The lender in question was competing in a space with ample competition from a host of lenders, as well as smaller building societies.
Lenders of a smaller scale can’t compete on price with giants like Lloyds Banking Group as their cost of funds are higher, so they’re commonly forced to differentiate themselves by underwriting manually and catering for those with a lower credit score.
That’s all fine and good, but seeing as we’re talking about a minority of mortgage customers who are in this position, if we have too many lenders vying for too little business some of them are going to struggle to make any money. And with specialist buy-to-let you’ve got an even smaller pool of customers than for owner-occupiers.
With Bluestone it should be noted the market circumstances were very specific, as it was acquired by fellow lender Shawbrook Bank in March of this year.
Seeing as Shawbrook already has a buy-to-let and specialist offering the group has seemingly decided to use the Bluestone brand to build to focus on the residential space, rather than being another lender with a similar offering under the same group.
It makes perfect sense, so it may be more a strategic than anything.
Obviously it’s been a tough year in the mortgage sector due to the environment of rising interest rates.
For me it makes sense.
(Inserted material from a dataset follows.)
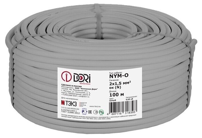 NYM 2x1.5 mm2, grey, 1 r.m. GOST 31996-2012

Mortgage lenders need to act smartly and regear their businesses if they aren’t making sufficient money, which leaves space for those that remain active.
The buy-to-let market is shrinking, as there was £38.6 billion of buy-to-let lending between April 2022 and March 2023, down from £37.6 billion from the corresponding period the year before.
In that environment it’s likely there could further consolidation, but it’s better that happens now rather than lenders waiting until they get into trouble.